Tokenizer

  • namespace: Rindow\NeuralNetworks\Data\Sequence
  • classname: Tokenizer

Assign numbers to words to convert texts into sequences of integers.

Methods

constructor

public function __construct(
    object $mo,
    callable $analyzer=null,
    int $num_words=null,
    string $filters="!\"\'#$%&()*+,-./:;<=>?@[\\]^_`{|}~\t\n",
    string $specials=null,
    bool $lower=true,
    string $split=" ",
    bool $char_level=false,
    string $oov_token=null,
    int $document_count=0,
)

Options

  • num_words: maximum number of words to use in corpus. Words with a large number of occurrences are prioritized, and words with a low priority are skipped when corpus is generated.
  • filters: Characters removed from input text.
  • specials: A special character that is treated as a single word, independent of the word delimiter.
  • lower: Whether to convert the texts to lowercase.
  • split: Word delimiter.
  • oov_token: An alternative character to replace and include in corpus instead of skipping low priority.

fitOnTexts

public function fitOnTexts(iterable $texts) : void

Initialization of vocabulary table or append vocabulary

Arguments

  • texts: list of text string.
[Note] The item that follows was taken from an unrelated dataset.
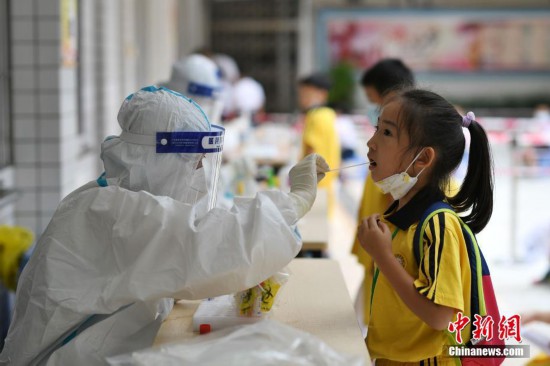 8月28日,學(xué)生在廣東省廣州市越秀區(qū)育才學(xué)校做核酸檢測。為進一步做好中小學(xué)、幼兒園秋季學(xué)期開學(xué)新冠肺炎疫情防控工作,廣州多區(qū)開展全體師生員工核酸檢測。 中新社記者 陳楚紅 攝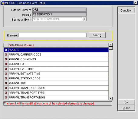 Selection of the Data Element Name is done by clicking in the X column to the left of the data element. Example: When a Data Element Name is selected here and an action is carried out in ORS that involves that data element, a business event is generated, which then becomes a message to the external system.

Initialize with the entered text.

textsToSequences

public function textsToSequences(iterable $texts) : iterable

Convert text to sequence based on vocabulary table

Arguments

  • texts: list of text string.

sequencesToTexts

public function sequencesToTexts(iterable $sequences) : iterable

Convert sequence to text based on vocabulary table

Arguments

  • sequences: list of sequences.

numWords

public function numWords(bool $internal=null) : int

Number of valid words in the vocabulary table.

Arguments

  • internal: If True, returns the number of internally held words instead of the number of valid words.

wordToIndex

public function wordToIndex(string $word) : int

Convert the word to the word number.

Arguments

  • word: Word string.

indexToWord

public function indexToWord(int $index) : string

Convert the word number to the word.

Arguments

  • word: Word number.

Examples

$texts = [
    "Hello Tom!\n",
    "Good morning.\n",
    "Good night Tom.\n",
];
$tokenizer = new Tokenizer($mo);
$tokenizer->fitOnTexts($texts);
$sequences = $tokenizer->textsToSequences($texts);
# $sequences:
# [[1,2],[3,4],[3,5,2]]
$texts = $tokenizer->sequencesToTexts($sequences);
# $texts:
# [["hello tom"],["good morning"],["good night tom"]]
$word = $tokenizer->numWords()